Ask the Readers: Do You Use Journaling for Professional Development?



image by paulworthington


Most people tend to use journaling for personal growth, and that’s great because journaling can take your personal development to a whole new level. But it can do the same for your professional development.

If you want a successful career, or even if you are just trying to figure out what is the right career for you, journaling can speed up the process. It can give you the self-awareness you need to make the right decisions quicker, and to find the right path sooner. If you want to get promotions, or just learn the ropes in your new job, you can use journaling to figure out ideas, strategies and solutions. If you have never used journaling for your professional development, you can get started by keeping a career journal.

Today, I would like to hear from you. 

Have you used journaling for your career?

If you have, how have you used it?

Share your answers, or your tips for career journaling in the comments below. 




4 thoughts on “Ask the Readers: Do You Use Journaling for Professional Development?

  1. I have used a journal quite often for professional development purposes.
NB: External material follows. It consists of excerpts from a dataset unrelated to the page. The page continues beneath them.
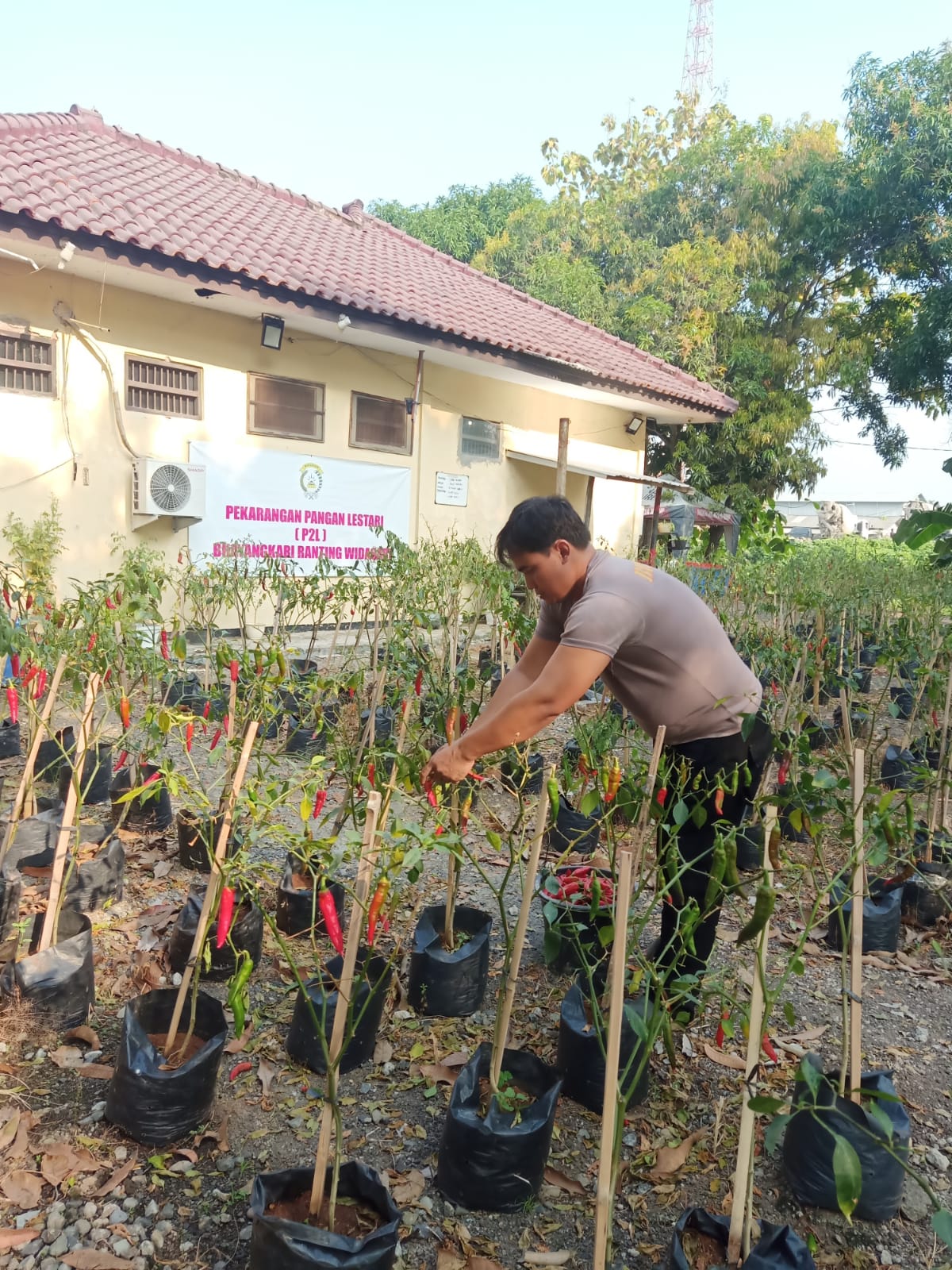 Indramayu – Anggota Polsek Widasari Polres Indramayu Polda Jabar AIPDA Endri melaksanakan panen cabai merah di pekarangan belakang Mapolsek Widasari, Desa Kongsijaya, Kecamatan Widasari, Kabupaten Indramayu, Minggu (27/7/2025).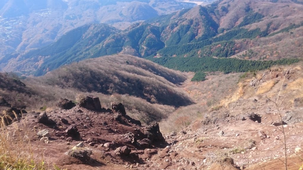 景色も色々見れる場所なんだけど、それよりも丹沢とは土が違うことが気になる僕。そして向こうに火山の煙が見える。そうあの時に噴火していた箱根の煙ですよ。煙の写真は後ほど。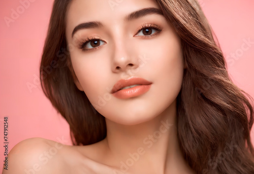 Beautiful young woman with clean fresh skin. Face of a girl with natural make-up.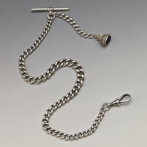 1902年頃 英国アンティーク 純銀製アルバートチェーン 39g ブラックオニキスシールフォブ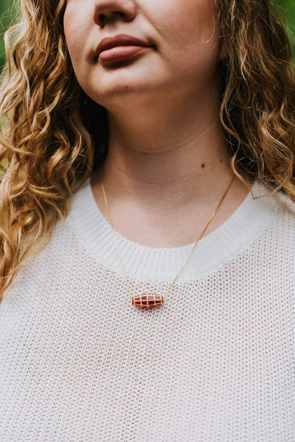 Necklace measures approximately 22 inches around and can be tightened as desired. Carnelian beads are about 1.1-1.25 inches.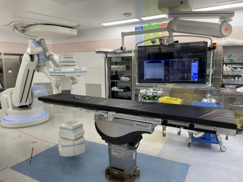 ハイブリッド手術室とは、元来別の場所に設置されていた外科的治療を行う手術室と、カテーテル等を扱う内科的治療を行う血管撮影室を組み合わせた手術室のことです。異なる手技である外科的手技とカテーテルを用いた内科的手技を一つの部屋で行えるようにすることで高度で安全な医療、最新の医療技術を用いた治療が可能となります。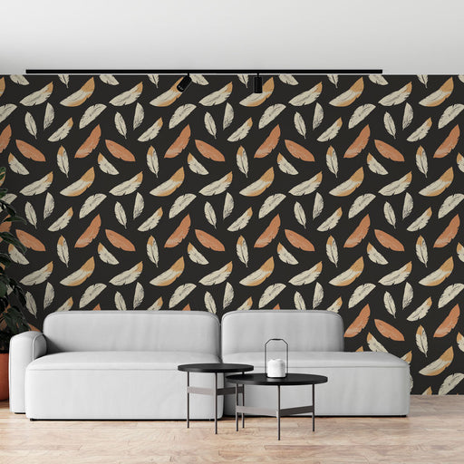 WonderMuralDuvar resmimiz sıcak kırmızı, altın ve turuncu tonlarda stilize tüylerin güzel bir desenini, zarif siyah bir arka plana karşı ortaya çıkarıyor. Re...

I sometimes start with a short free write to vent or otherwise clear the cobwebs but I tend not to find venting for long periods very helpful. I like to create a mind map to organize my thoughts around an issue and start problem solving. This really appeals to my visual thinking. I also like to do perspective writes in which I explore two possible options as in … here’s what it might look like a year from now if I choose option A and here’s what it might look like a year from now if I choose option B. This helps me think through options more systematically. Finally, I like to use dialogue writes to role play on paper a conversation I need to prepare for, or to explore a challenging work-related relationship.

  2. Yes, I started one last week. I don’t really know how I’m going to use it yet as I’m just starting, but felt I needed more understanding of what I enjoy, what I’m good at and areas to improve.

  3. Denise,

    That’s a very good way to use your journal both for personal and professional development. I think the last bit in particular, exploring a challenging work-related relationship is extremely useful, as we often end up with difficult colleagues/management and you have to respond to it within constraints of the work culture.